GIVEN INFORMATION:

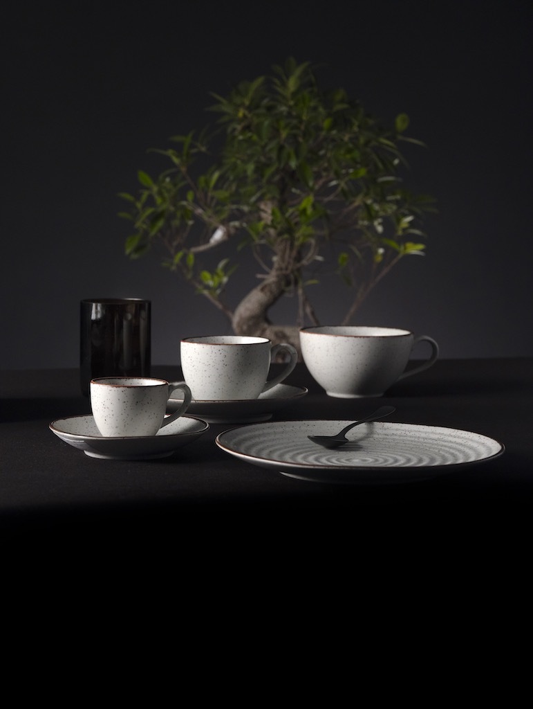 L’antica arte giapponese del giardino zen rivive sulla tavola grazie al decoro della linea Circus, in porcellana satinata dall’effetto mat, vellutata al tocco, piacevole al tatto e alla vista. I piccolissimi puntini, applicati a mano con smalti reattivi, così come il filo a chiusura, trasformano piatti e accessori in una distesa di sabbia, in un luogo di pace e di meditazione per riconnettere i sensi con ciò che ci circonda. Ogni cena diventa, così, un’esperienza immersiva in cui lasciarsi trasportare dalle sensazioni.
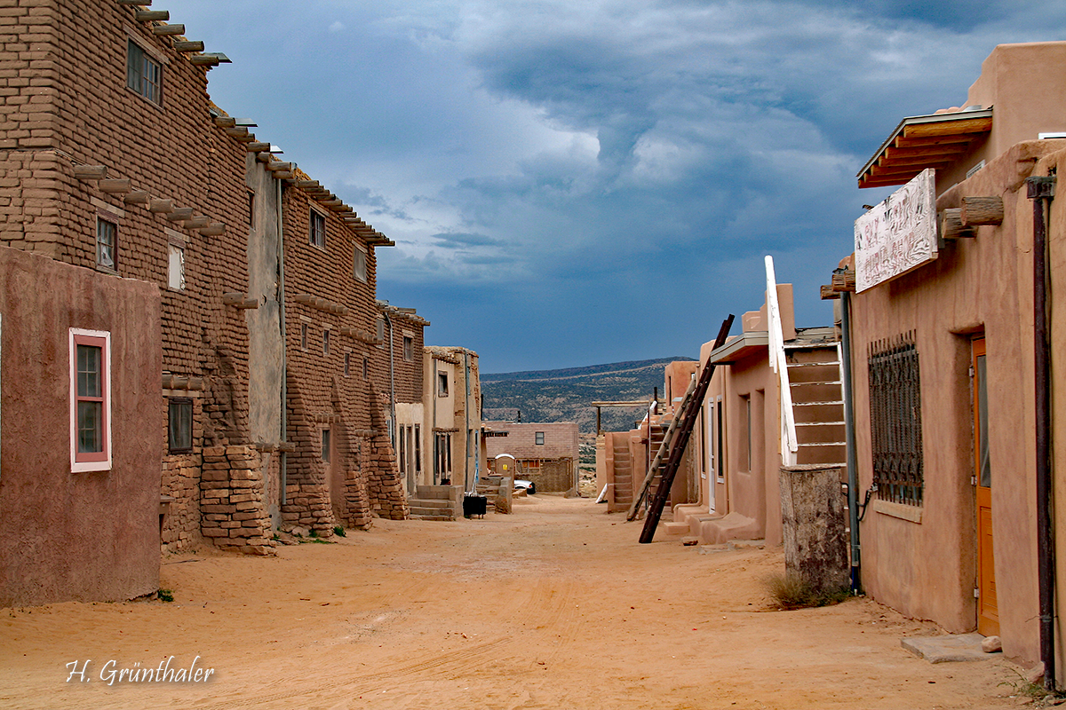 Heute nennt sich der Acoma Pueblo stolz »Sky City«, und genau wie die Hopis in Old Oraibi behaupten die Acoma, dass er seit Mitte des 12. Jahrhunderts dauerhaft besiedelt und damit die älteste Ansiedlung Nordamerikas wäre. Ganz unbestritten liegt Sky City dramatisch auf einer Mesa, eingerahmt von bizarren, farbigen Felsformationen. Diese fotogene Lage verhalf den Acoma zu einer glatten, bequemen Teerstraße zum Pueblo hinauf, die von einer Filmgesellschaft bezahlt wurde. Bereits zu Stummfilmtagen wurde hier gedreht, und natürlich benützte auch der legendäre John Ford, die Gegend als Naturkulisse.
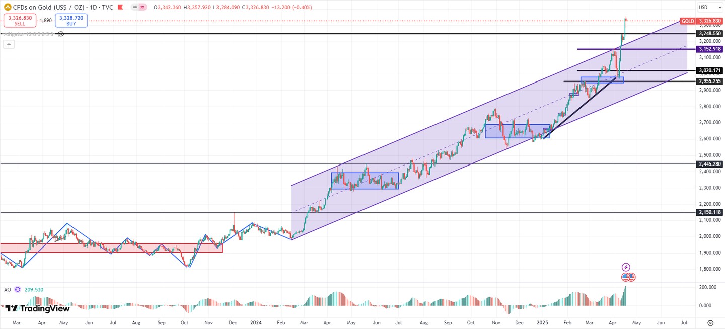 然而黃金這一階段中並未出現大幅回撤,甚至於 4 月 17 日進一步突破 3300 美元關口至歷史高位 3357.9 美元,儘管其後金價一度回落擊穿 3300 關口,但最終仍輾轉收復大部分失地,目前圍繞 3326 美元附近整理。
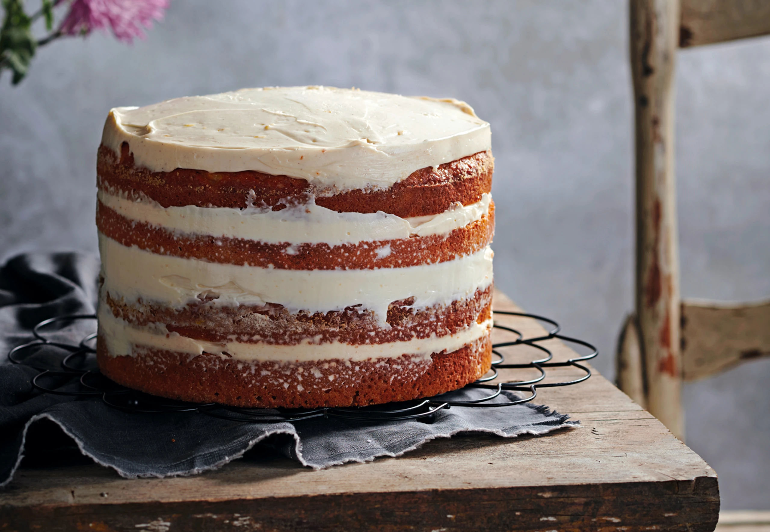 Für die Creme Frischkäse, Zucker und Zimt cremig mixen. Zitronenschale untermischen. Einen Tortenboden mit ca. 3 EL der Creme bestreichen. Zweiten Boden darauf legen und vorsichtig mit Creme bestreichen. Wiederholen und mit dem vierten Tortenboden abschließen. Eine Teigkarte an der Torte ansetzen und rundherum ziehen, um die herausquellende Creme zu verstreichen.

==

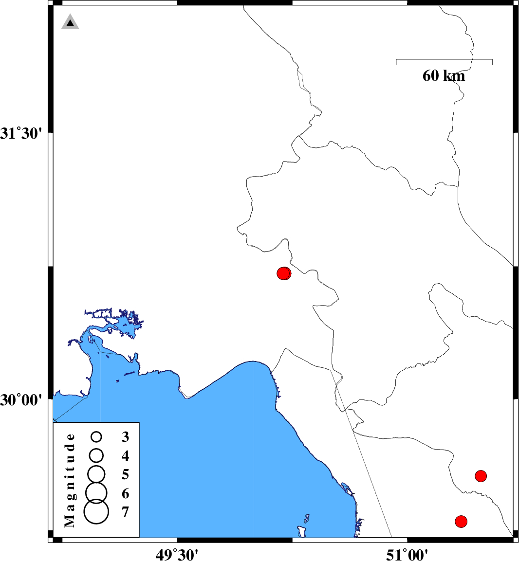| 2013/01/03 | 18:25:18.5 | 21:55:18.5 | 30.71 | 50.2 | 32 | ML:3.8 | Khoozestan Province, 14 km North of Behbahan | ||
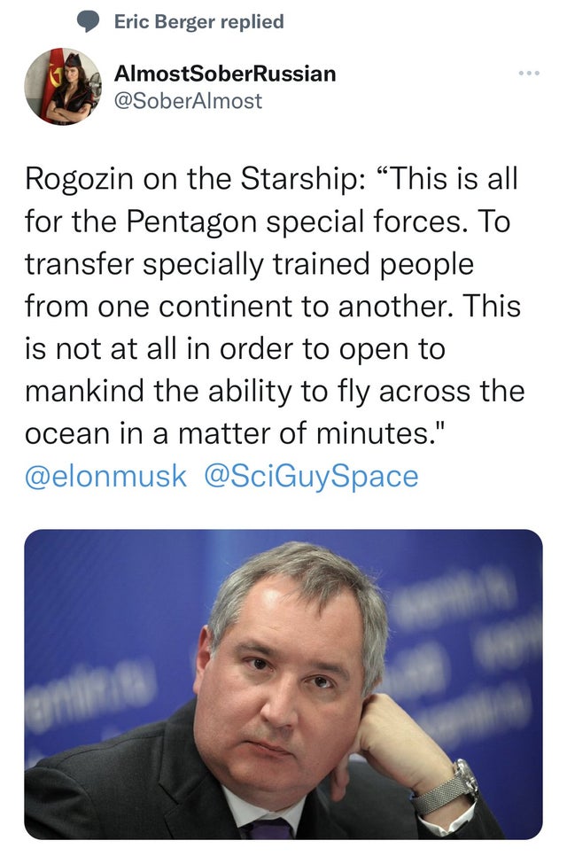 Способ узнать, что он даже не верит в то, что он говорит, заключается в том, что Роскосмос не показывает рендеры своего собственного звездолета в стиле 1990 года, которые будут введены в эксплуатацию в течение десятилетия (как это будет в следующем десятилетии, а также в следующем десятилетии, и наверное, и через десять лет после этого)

EXERCISE BRIEF:
Print from the line containing "Behbahan | ||" through the line containing "Способ узнать, что" in the data above, exactly as the lines stand, and omit every picture.

ANSWER SECTION:
| 2013/01/03 | 18:25:18.5 | 21:55:18.5 | 30.71 | 50.2 | 32 | ML:3.8 | Khoozestan Province, 14 km North of Behbahan | ||
 Способ узнать, что он даже не верит в то, что он говорит, заключается в том, что Роскосмос не показывает рендеры своего собственного звездолета в стиле 1990 года, которые будут введены в эксплуатацию в течение десятилетия (как это будет в следующем десятилетии, а также в следующем десятилетии, и наверное, и через десять лет после этого)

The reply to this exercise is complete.